Italian security consultancy Tiger Security’s Emanuele Gentili said the “wopbot” botnet is active and scanning the internet for vulnerable systems, including at the United States Department of Defence.
The botnet runs on Linux servers, named “wopbot” that uses the Bash Shellshock bug to auto-infect others, he said.
It has so far been used to launch a distributed denial of service attack against servers hosted by content delivery network Akamai, and is aiming for other targets, Gentili said.
The malware has conducted a massive scan on the United States Department of Defence internet protocol address range on port 23 TCP or Telnet “for brute force attack purposes,” he said.
Gentili said Tiger Security had contacted UK provider M247 and managed to get the wopbot botnet command and control system taken down from that network.
The botmaster server for wopbot, which is hosted by US network Datawagon, is still distributing malware.

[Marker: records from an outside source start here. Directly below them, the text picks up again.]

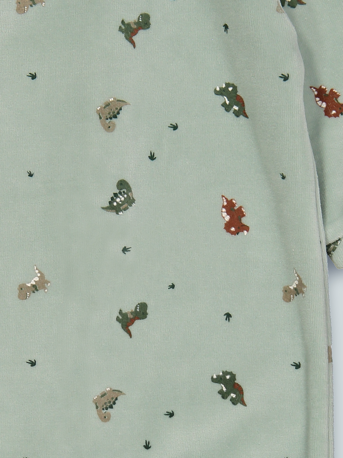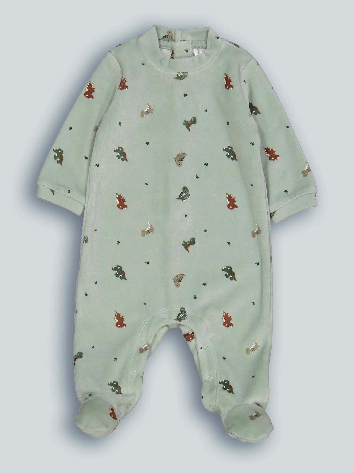 Tutina a maniche lunghe in ciniglia stampata fantasia. La vestibilità è morbida e pratica grazie a bottoni a pressione sul retro e sul cavallo. Questo pigiama fa parte del corredino composto da tutti gli articoli indispensabili per il tuo neonato.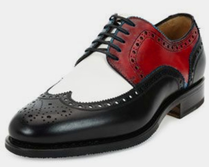 Men Formal Wear Black Red White Leather Contrast Wingtip Oxford Custom Handmade Shoes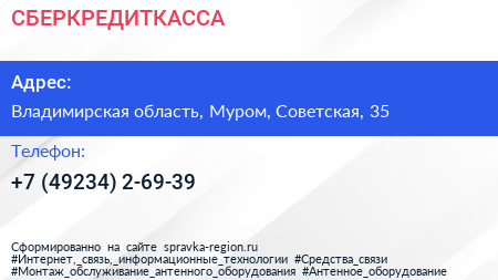 СБЕРКРЕДИТКАССА по адресу Владимирская область, Муром, Советская, 35 в дальнейшем Организация, размещена в следующих категориях: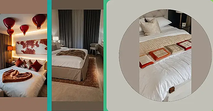 This bed definitely screams “special occasion!” Forget scattering boring old rose petals that you have to vacuum up later; this room took it up a notch with a whole heart-shaped border made of fancy little red jewels or fabric hearts. It’s like someone said, “Let’s be romantic, but also, let’s make it sparkle and ensure no one accidentally steps on a soggy petal!” Plus, that giant plush heart pillow in the middle looks super comfy. You just know whoever set this up was aiming for maximum “awww” factor, and probably earned some serious brownie points.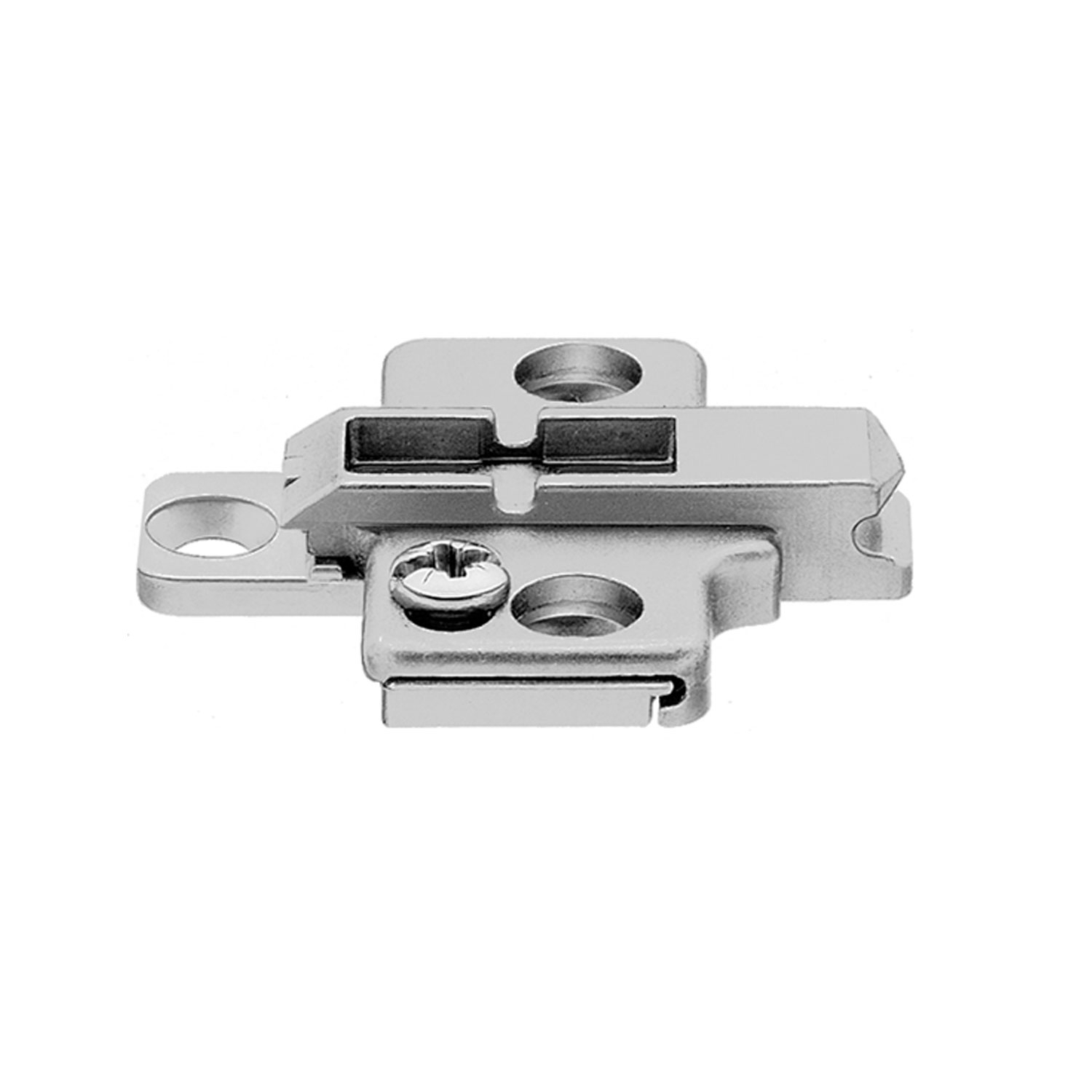 Material: Zink vernickelt Montage mit Spanplattenschrauben Ø 3.5 mm und ø 4 mm Mit Höhenverstellung ± 2 mm Empfohlene Schraubenlänge 17 mm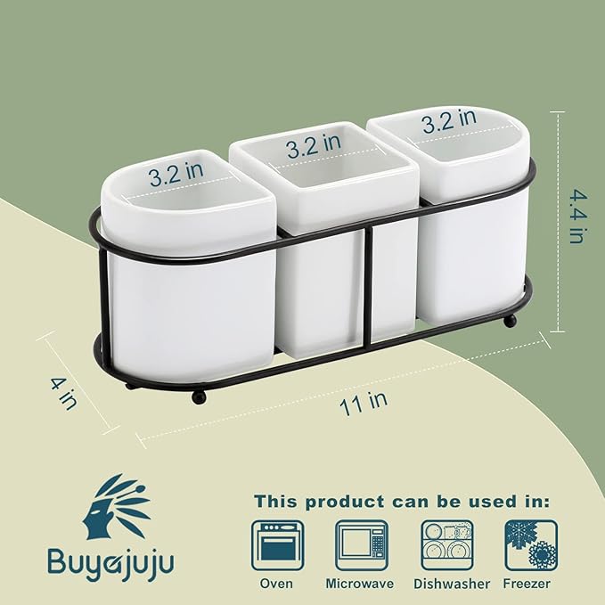 - 3-piece white ceramic tableware box, including spoon holder, fork holder, knife holder and ferrous metal holder,Our Kitchen Utensil Holder will put your tableware in one place to avoid looking messy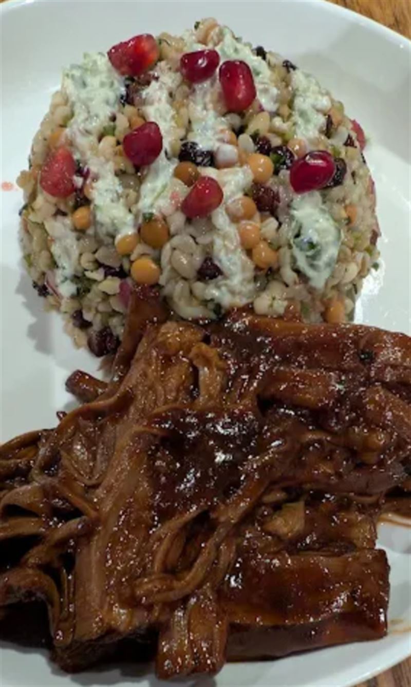 Char-grilled marinated Greek lamb with cherry tomatoes, cucumber, red onion, feta, Kalamata olives, hummus and pita bread.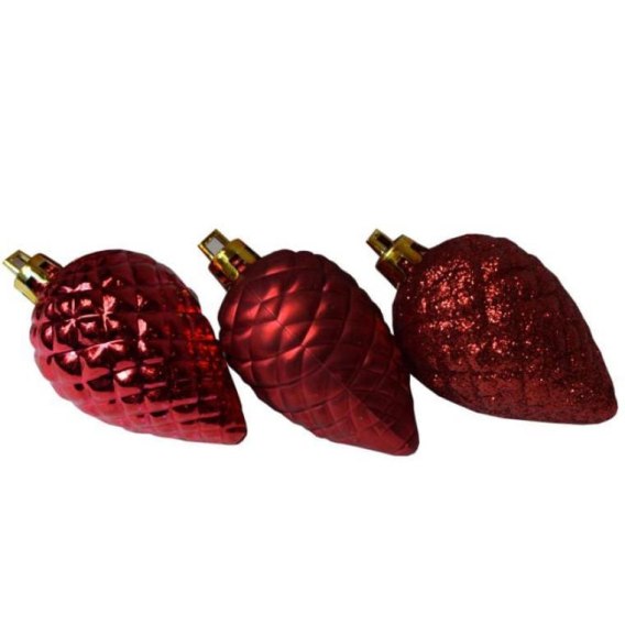 Zestaw 6 Czerwonych Bombek Choinkowych w Kształcie Szyszek - Mix Mat i Połysk

He thinks that the wopbot botnet will grow like topsy as it can infect more than 200,000 zombies in an hour or so.
The ‘Shellshock’ remotely exploitable vulnerability in the Bash Linux command-line shell was discovered yesterday, with researchers warning of its potential to become larger than the severe Heartbleed OpenSSL flaw uncovered earlier this year.
Millions of Apache webservers around the world could be at risk if their common gateway interface (CGI) scripts invoke Bash. The malware can also recruit Apple gear into the botnet without too many problems.